For B2B companies, the greatest platform risk isn't competition; it's the sudden loss of access to the very ecosystems their customers rely on. A recent series of events should send a shiver down the spine of every B2B founder: two well-known unicorn vendors, Gainsight and Drift, have indefinitely lost access to the Salesforce platform, with implications extending to HubSpot, Zendesk, and other critical integrations.
Gainsight, one of the most successful customer success platforms, acquired by Vista Equity for $1.1 billion, was completely removed from the Salesforce AppExchange in November 2025. Its applications were yanked, every OAuth token revoked, and over 200 Salesforce instances potentially compromised, including those of major enterprise customers like Atlassian, Verizon, and GitLab. While Gainsight's core apps have been offline for over a week and counting, the situation for Drift is even more severe.

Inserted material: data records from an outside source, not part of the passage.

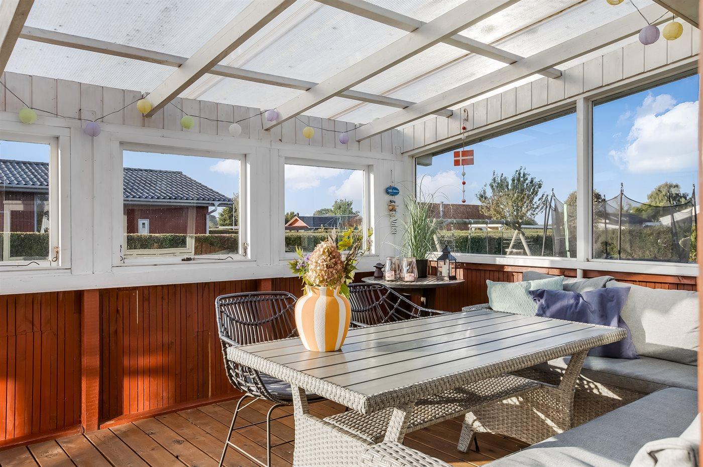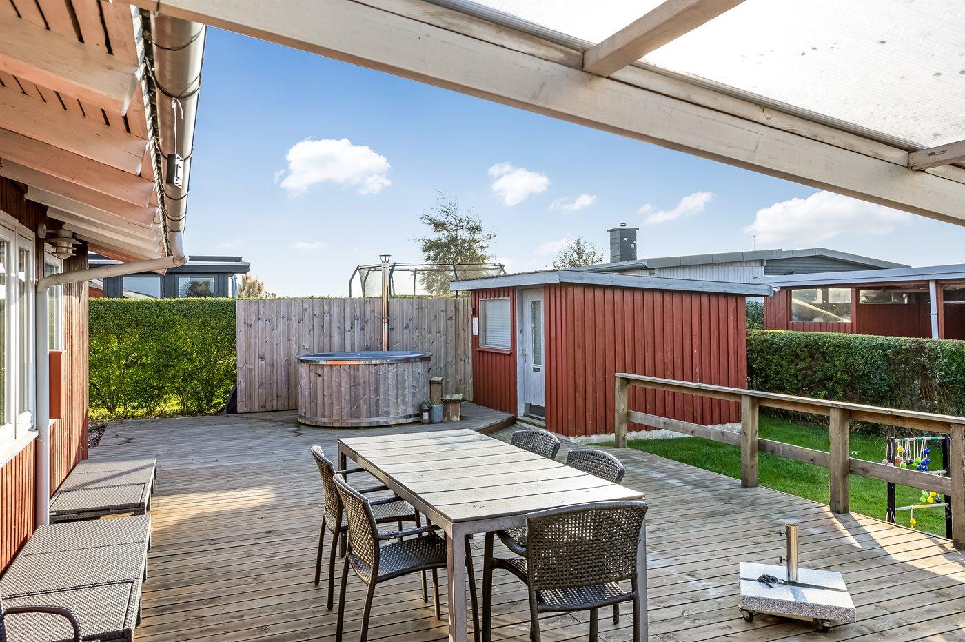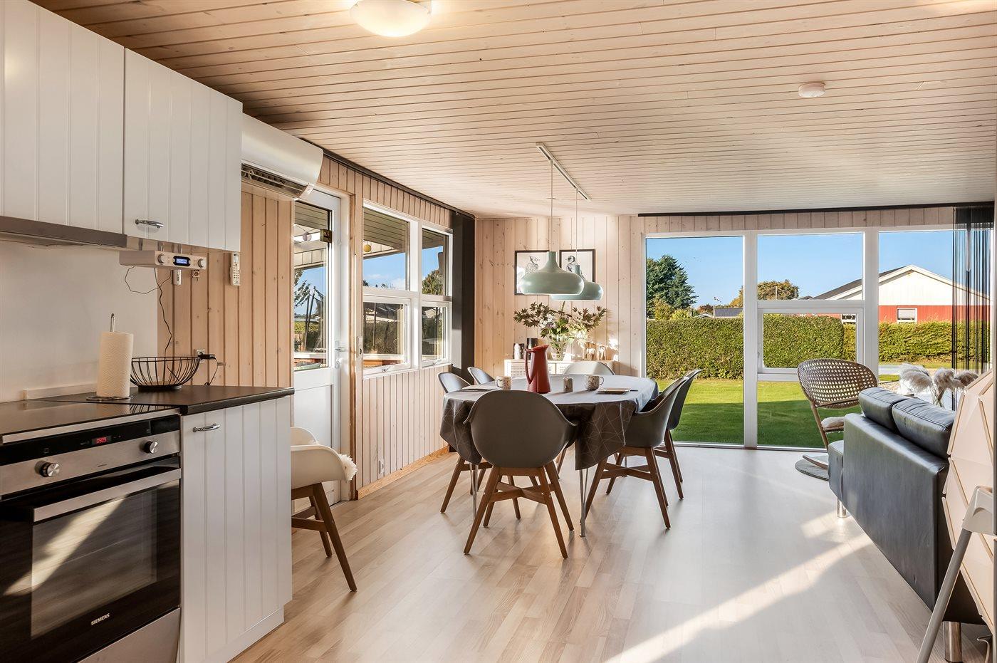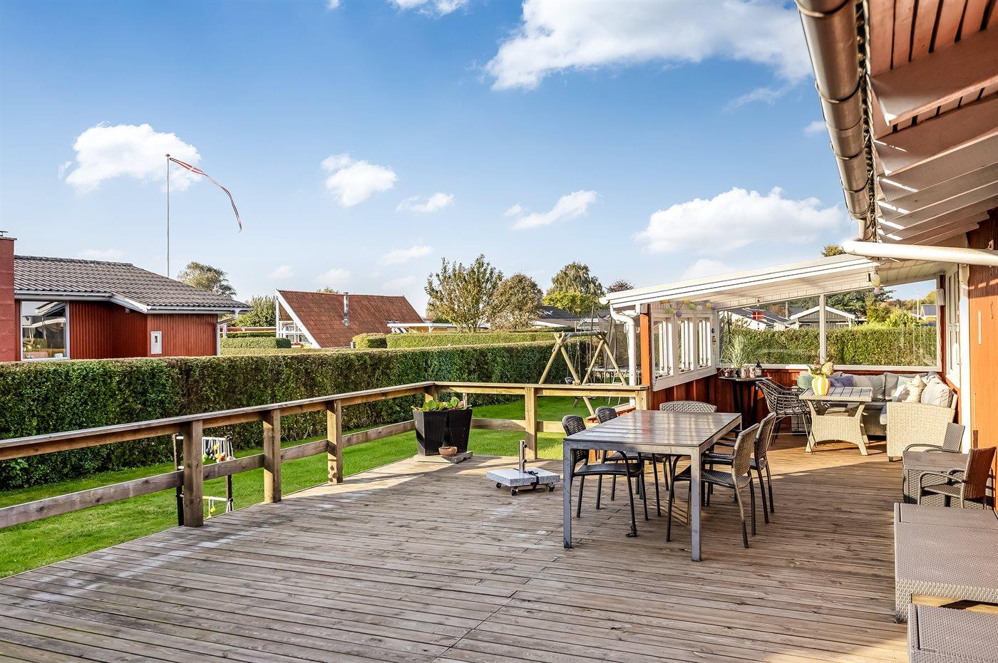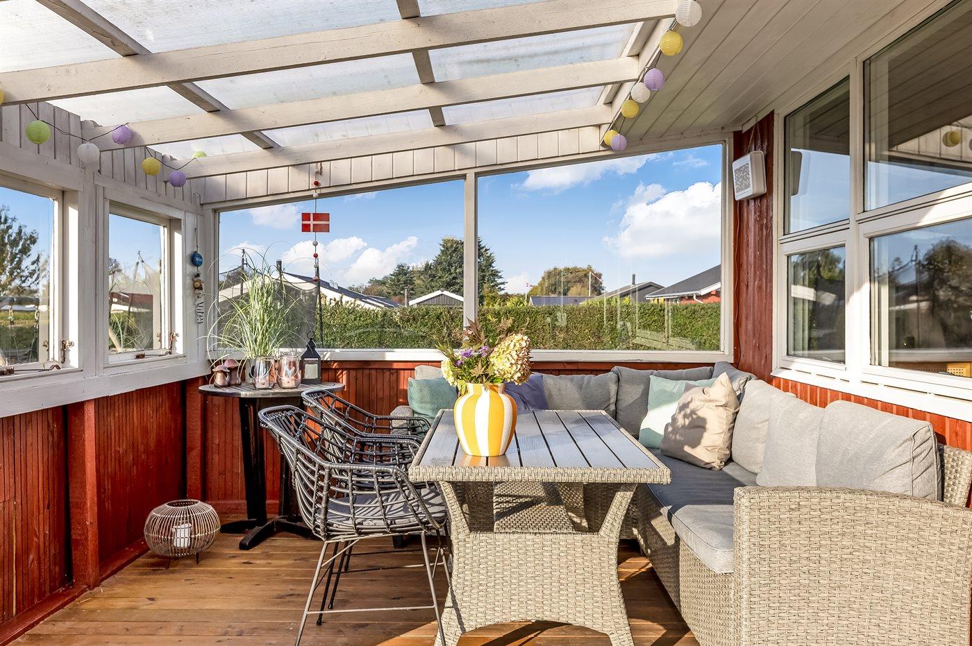 Ferieboligen er beliggende på en 682 m² stor havegrund. Der er 500 m til havet. Nærmeste forretning er beliggende i en afstand af 3400 m. Til ferieboligen hører åbent terrasseareal. Desuden er der overdækket terrasse. Gynge. Sandkasse. Trampolin. Grill til rådighed. Parkering ved ferieboligen.
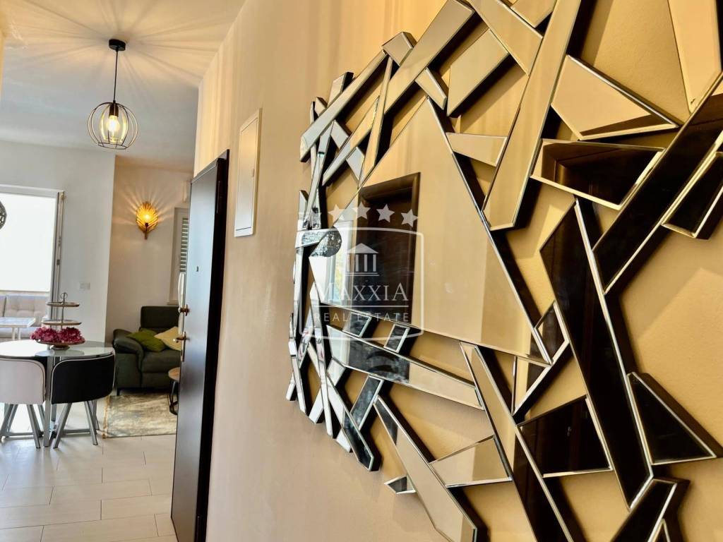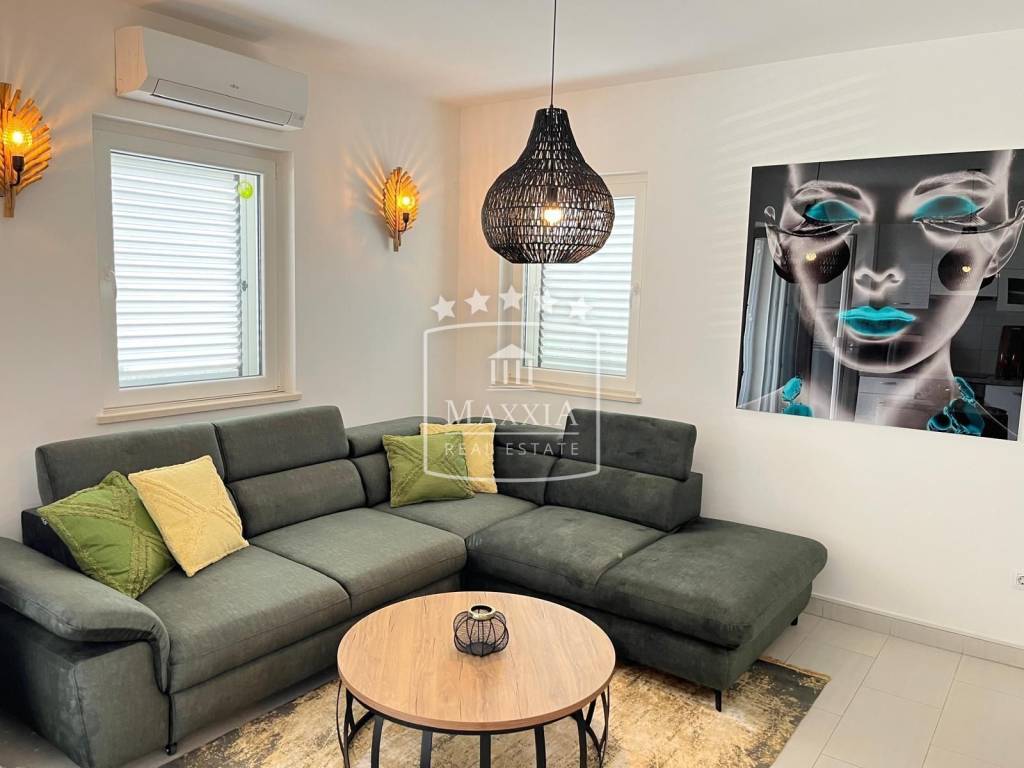The apartment is situated on the ground floor and has a total area of 60.90 m² including a balcony. It is sold fully furnished and equipped, carefully designed and ready for immediate move-in or tourist rental. Layout: - kitchen with living room and access to the balcony - two bedrooms - bathroom with toilet - balcony with sea view
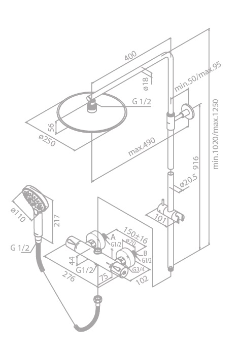 • Średnica deszczownicy: Ø250 mm
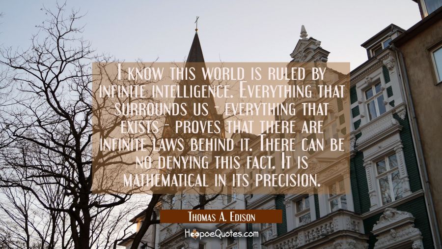 I know this world is ruled by infinite intelligence. Everything that surrounds us - everything that exists - proves that there are infinite laws behind it. There can be no denying this fact. It is mathematical in its precision.
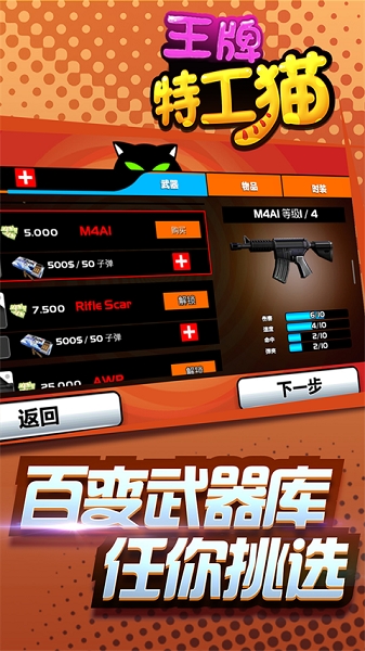 王牌特工猫这是一款非常新奇的枪战游戏,模式是有很多种的,玩家在这款游戏中可以感觉非常好哦,很有意思的游戏哦,你的玩法会很重要,还是讲究游戏的可操作性,有很多皮肤等着你去拿呢。这样的话,这个游戏会有很多有趣的事情发生。

Drift, a leading conversational AI platform, has been offline since August 2025 following a similar hacker attack. Removed from the AppExchange "until further notice," Drift has remained inaccessible for over three months. This prolonged outage has undoubtedly led to significant customer churn and operational disruption for many businesses that relied on its integration.
What Actually Happened
While full details are still emerging, the incidents appear to be a combination of sophisticated ransomware, financially motivated cyberattacks, and critical security lapses. In August 2025, a sophisticated threat actor, tracked as UNC6395 (believed to be a Chinese nation-state group), compromised Salesloft's Drift chatbot integration. They stole OAuth tokens that Drift used to connect to customers' Salesforce instances, then systematically queried and exported massive volumes of data from over 700 organizations over a 10-day period.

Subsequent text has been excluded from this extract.